Rotas las negociaciones para la venta del Centro Gallego de Buenos Aires

El grupo médico ve inviable la compra con las condiciones impuestas por los socios


santiago / la voz

Las negociaciones en torno al Centro Gallego de Buenos Aires están rotas. Ha pasado un mes desde que los socios de esta emblemática institución aprobaron abrir contactos y las condiciones para una compleja venta a la sociedad formada por Favaloro, una fundación argentina vinculada a la medicina, y Grupo Ribera, del mismo sector pero con capital español. De esta forma se quiebra el optimismo mostrado por los cerca de 5.000 mutualistas -unos 700 gallegos- que apoyaron masivamente la negociación dirigida por el interventor judicial del Gobierno argentina, Martín Moyano. La otra opción era la liquidación de la entidad, con una deuda por encima de los 60 millones de euros, con la consecuente pérdida del monumental edificio, del servicio asistencial y, probablemente, la entrega en favor del Gobierno argentino -principal acreedor- del patrimonio artístico rubricado por primeras firmas del arte gallego.

Todo hay que enmarcarlo dentro de una negociación en la que la gestora del Centro Gallego se excedió, al parecer, en sus pretensiones. Según la Fundación Favoloro, estas condiciones, que incluían asumir toda la deuda, la asistencia al máximo nivel a los mutualistas, la contratación del personal actual, un pago mensual del 8 % de los ingresos por cuotas y la preservación de las salas culturales y del patrimonio en manos de los socios, están supuestamente «muy alejadas» de las conversaciones que mantuvieron en los meses previos, cuando se gestó la operación.
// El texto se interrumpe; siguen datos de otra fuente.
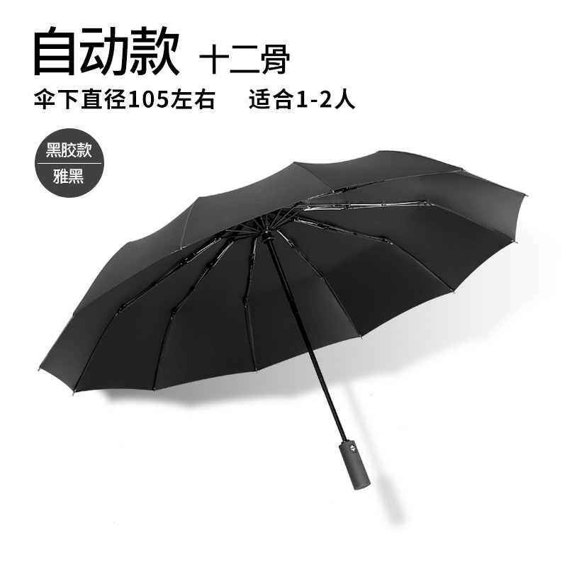 12-ребристый [автоматический] черный зонт

En una carta que llegó a la sede de Belgrano este martes, Favaloro muestra su «sorpresa» por unos requisitos que les invitan a romper cualquier contacto, extremo que confirmó a La Voz el consejero delegado del Grupo Ribera. Las negociaciones están «rotas», pero siguen abiertos a estudiar nuevas ofertas que se acerquen a su propuesta inicial, más comedida en la parte económica.

La liquidación pondría en riesgo un patrimonio de incalculable valor para Galicia

La complicada venta del Centro Gallego de Buenos Aires ha entrado en un punto delicado. Como en toda gran operación económica se suceden los tira y afloja, con la dificultad que entraña para una de las partes por el hecho de tratarse de una entidad con varios millares de socios que tienen que ponerse de acuerdo. Y además, está en quiebra técnica y no ha encontrado otro inversor para poner en tensión al grupo formado por Favaloro y Ribera. Si estos no van de farol y se retiran definitivamente, la liquidación de la entidad fundada por los gallegos de la emigración en 1907 está garantizada, y a la desaparición de los servicios sanitarios se sumaría la incógnita sobre el futuro del patrimonio artístico gallego.

Inversores

Pero si la operación se chafa no será por las obras de arte, por las que han mostrado su preocupación la Xunta y el Consello da Cultura Galega. Los inversores hispanoargentinos han aceptado de antemano que los socios puedan disponer de algunas salas del edificio para sus actividades culturales, y mantendrían el patrimonio acumulado por la emigración gallega. El problema, como siempre, es el dinero, porque Ribera está dispuesto a pagar 45 millones y a invertir incluso más en la adecuación del edificio, y asumiría sin problema la atención a los mutualistas, pero lo cierto que esa cantidad no daría para cubrir la deuda actual, por encima de los 60 millones. Si los socios siguen cargando con esa mochila de unos 15 millones, la entidad, ya sin respaldo inmobiliario, se vería en una situación muy comprometida.